▶ [EXERCISE DIRECTIONS]
Would you reproduce, word for word, only the lines running from the top of the data through the line containing "一般來說,如圖4a所示,所有", and none of the pictures?

▶ [PROVIDED RECORDS]
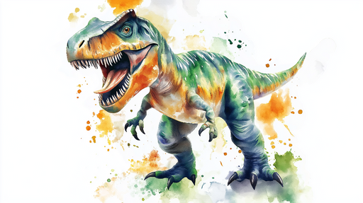 Vollständige Details anzeigenTapete dinosaurier | Bunter Tyrannosaurus mit Aquarellspritzern
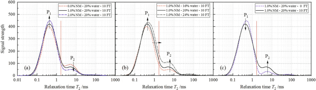 一般來說,如圖4a所示,所有情況下的T2分布都是雙峰的(P1和P2)。它們的弛豫譜以紅色截止線以下的峰值為主,位于0.05和3毫秒之間。從圖中可以看出:隨著NM含量的增加,P1的峰值信號(hào)強(qiáng)度增加,而P2的峰值信號(hào)強(qiáng)度降低。這說明增加NM可以增加束縛水的部分,同時(shí)減少自由水。這可以歸因于納米粒子的表面效應(yīng),它導(dǎo)致在水化過程中NM周圍的結(jié)合水比例更高。NM的穩(wěn)定機(jī)制可能來自于NM顆粒的吸水效應(yīng),它將游離的水變成束縛的水,因此,改善了動(dòng)態(tài)性能,緩解了凍融循環(huán)對黃土試樣性能的不利影響。
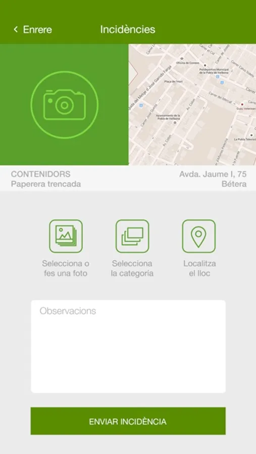 Todas las incidencias son registradas, analizadas y remitidas al departamento responsable. El registro de la incidencia se hace mediante geolocalización para determinar el lugar de la incidencia.
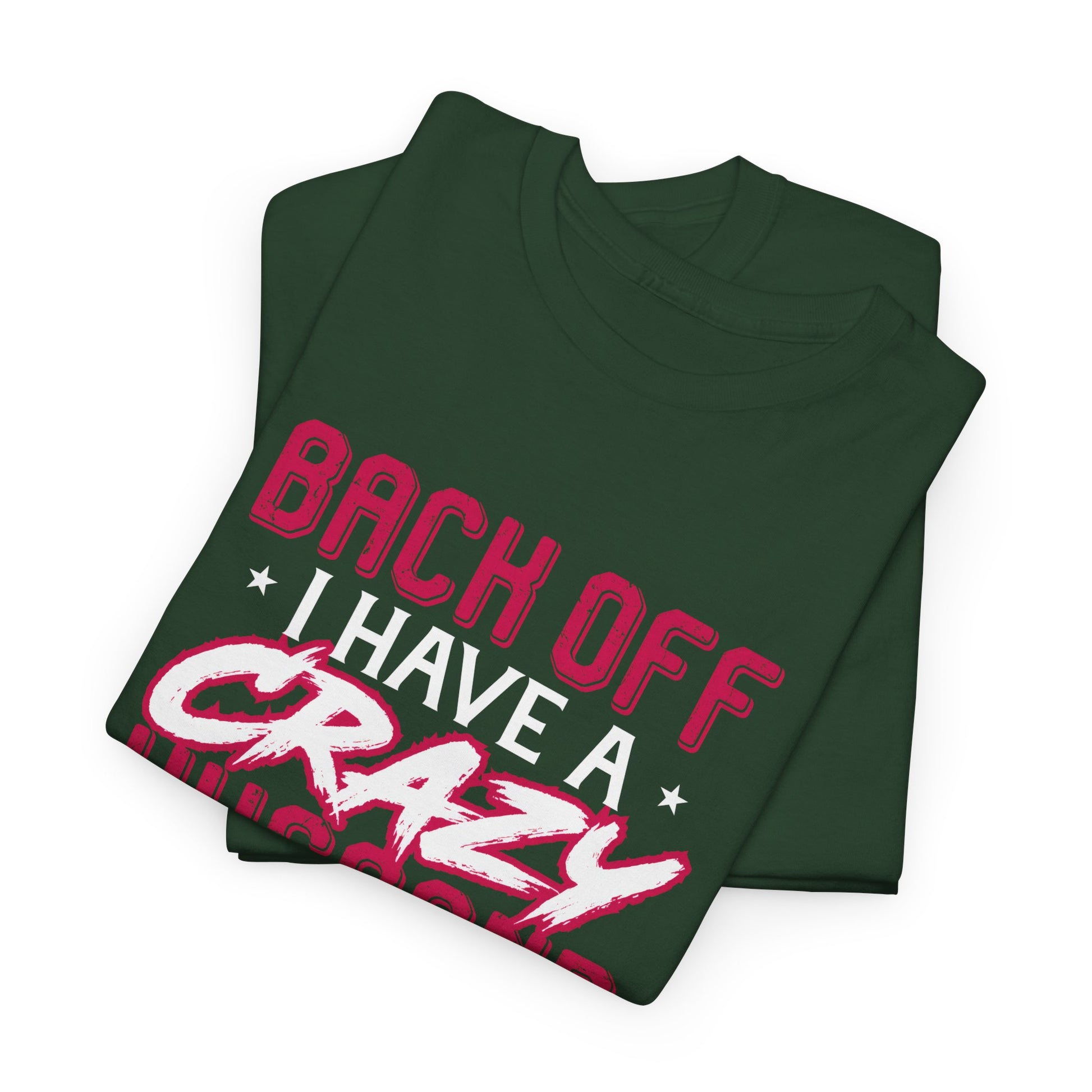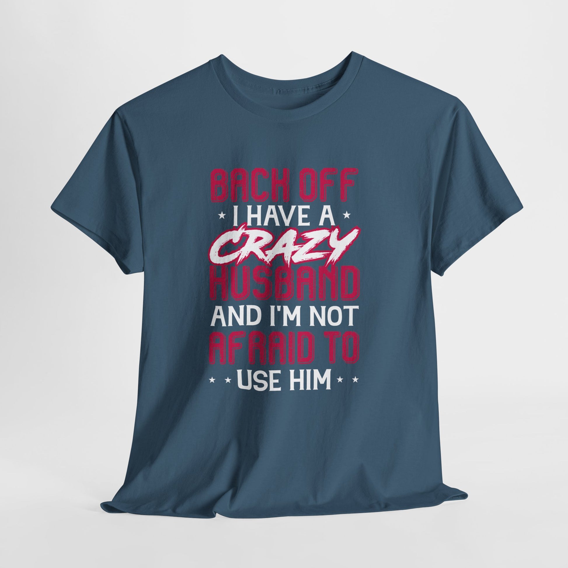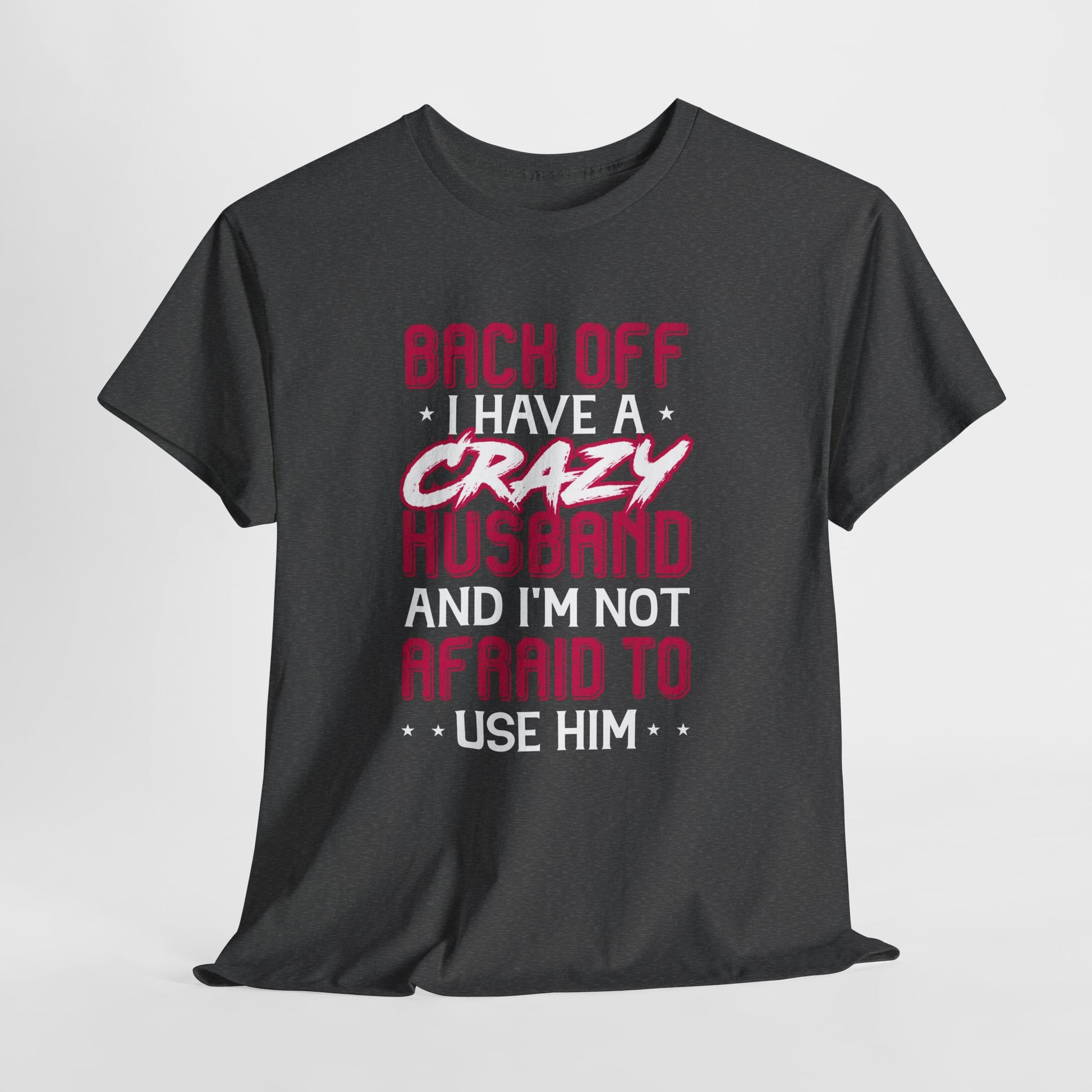 This humorous T-Shirt with the message 'Back Off, I Have a Crazy Husband' is perfect for anyone looking to make a statement. It gives off a playful and fun vibe, making it a great conversation starter. Ideal for wives with a sense of humor or as a gift for someone with a quirky spouse. Perfect for birthdays, anniversaries, or just to show off some personality.
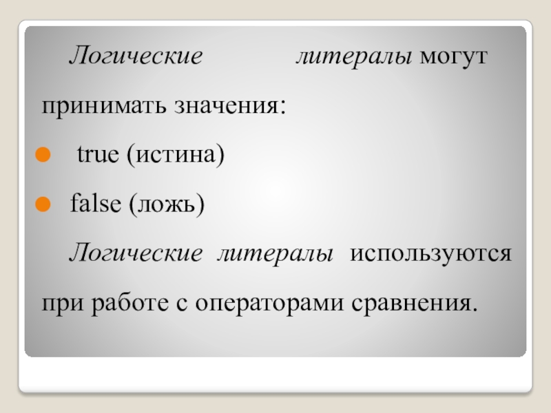 Слайд 14Логические литералы могут принимать значения:
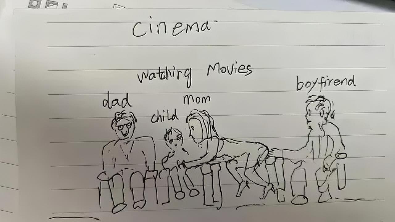 上海一女子,带着丈夫和儿子看电影,还同时约了情人,她的座位挨着情人,两个人互动时
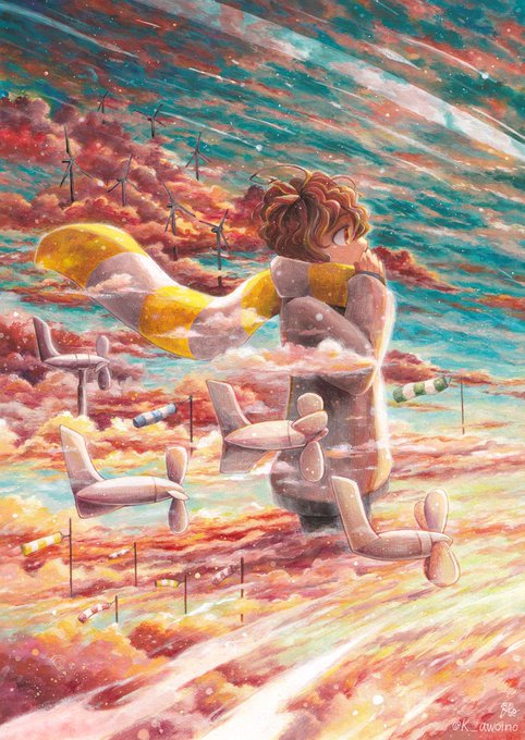 寒くなってきたので冬の空気感のある絵をチョイス。”雲と架空の街の今日の景色” “ごちそうたんけんたい” を、アクリルガッシュ+色鉛筆などのアナログ画材で描いております💪🌨️💪ご覧いただけるだけでも嬉しいです…!
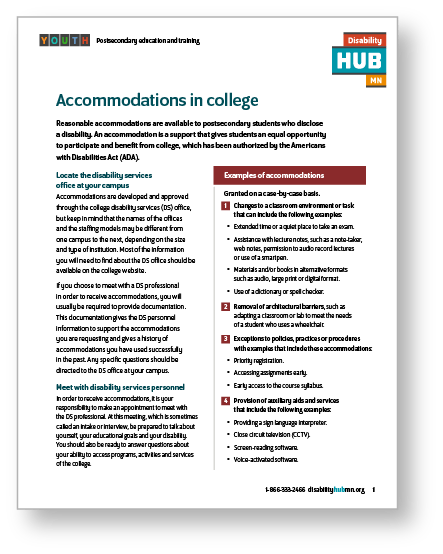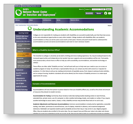 Accommodations and assistive technology in postsecondary education and training provide students with disabilities an equal opportunity to participate in academic programs. They help students with disabilities become more efficient and independent by performing functions that may otherwise be difficult or impossible. Accommodations may include modifications or adjustments to specific tasks, the classroom environment or the way things are usually done as well as use of assistive technology.

▶ [REPLY TO THE TASK]
 Vollständige Details anzeigenTapete dinosaurier | Bunter Tyrannosaurus mit Aquarellspritzern
 一般來說,如圖4a所示,所有情況下的T2分布都是雙峰的(P1和P2)。它們的弛豫譜以紅色截止線以下的峰值為主,位于0.05和3毫秒之間。從圖中可以看出:隨著NM含量的增加,P1的峰值信號(hào)強(qiáng)度增加,而P2的峰值信號(hào)強(qiáng)度降低。這說明增加NM可以增加束縛水的部分,同時(shí)減少自由水。這可以歸因于納米粒子的表面效應(yīng),它導(dǎo)致在水化過程中NM周圍的結(jié)合水比例更高。NM的穩(wěn)定機(jī)制可能來自于NM顆粒的吸水效應(yīng),它將游離的水變成束縛的水,因此,改善了動(dòng)態(tài)性能,緩解了凍融循環(huán)對黃土試樣性能的不利影響。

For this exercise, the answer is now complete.